Exercise instructions: Could you copy the data that follows exactly as written, but drop the pictures?

Data section:
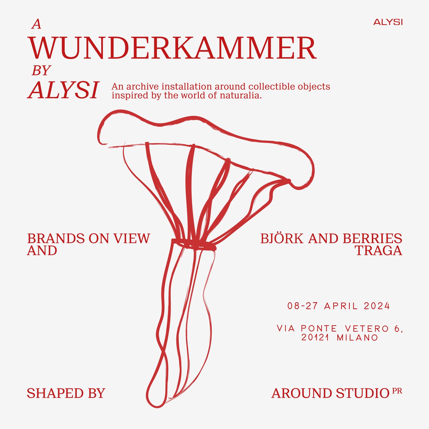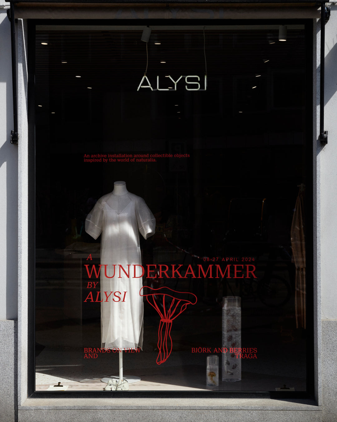 On the occasion of Design Week 2024 themed "Materia Natura", Alysi presents an installation curated by set designer Martina Sanzarello at the boutique in Brera District, which stages a Wunderkammer.
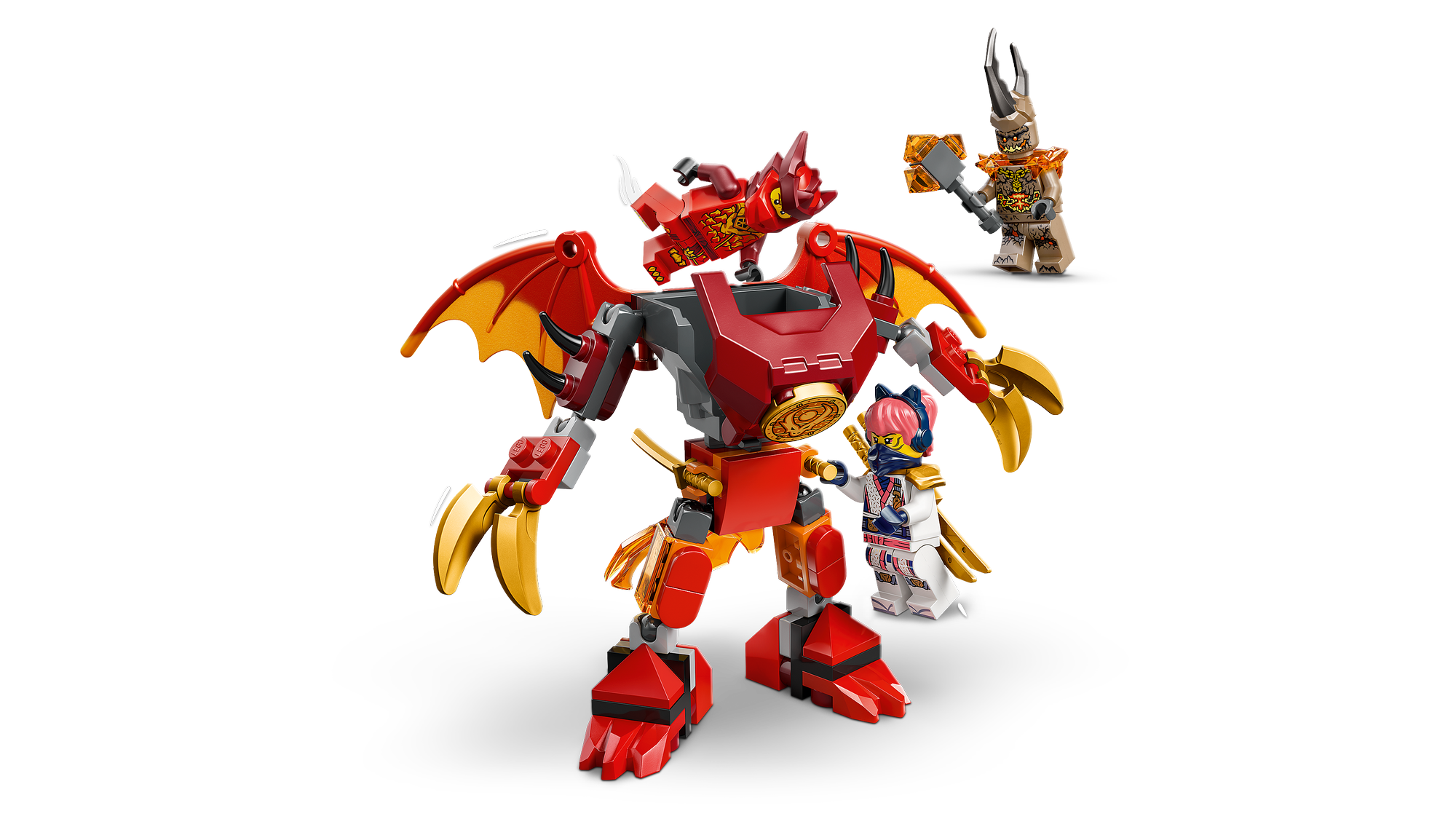 Mech-legetøj til børn – Med byggelegetøjet Kais drage-mech – kamppakke (71851) kan drenge og piger fra 6 år lege rolleleg og udspille scener fra sæson 4 af tv-serien NINJAGO®: Dragene vågner.
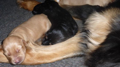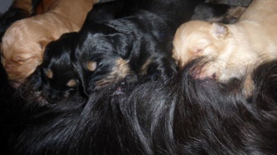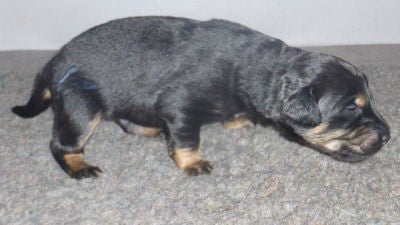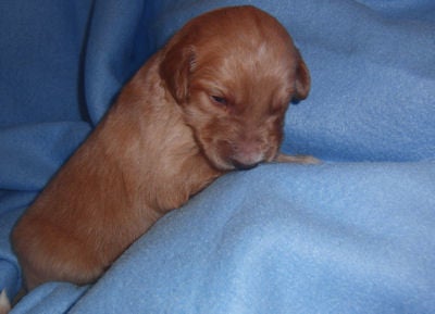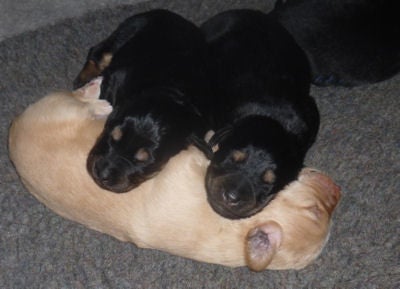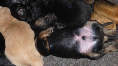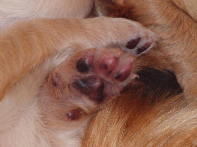 Het pigment komt al goed door, hier duidelijk te zien op het pootje van het blondje.

Completed task:
 On the occasion of Design Week 2024 themed "Materia Natura", Alysi presents an installation curated by set designer Martina Sanzarello at the boutique in Brera District, which stages a Wunderkammer.
 Mech-legetøj til børn – Med byggelegetøjet Kais drage-mech – kamppakke (71851) kan drenge og piger fra 6 år lege rolleleg og udspille scener fra sæson 4 af tv-serien NINJAGO®: Dragene vågner.
 Het pigment komt al goed door, hier duidelijk te zien op het pootje van het blondje.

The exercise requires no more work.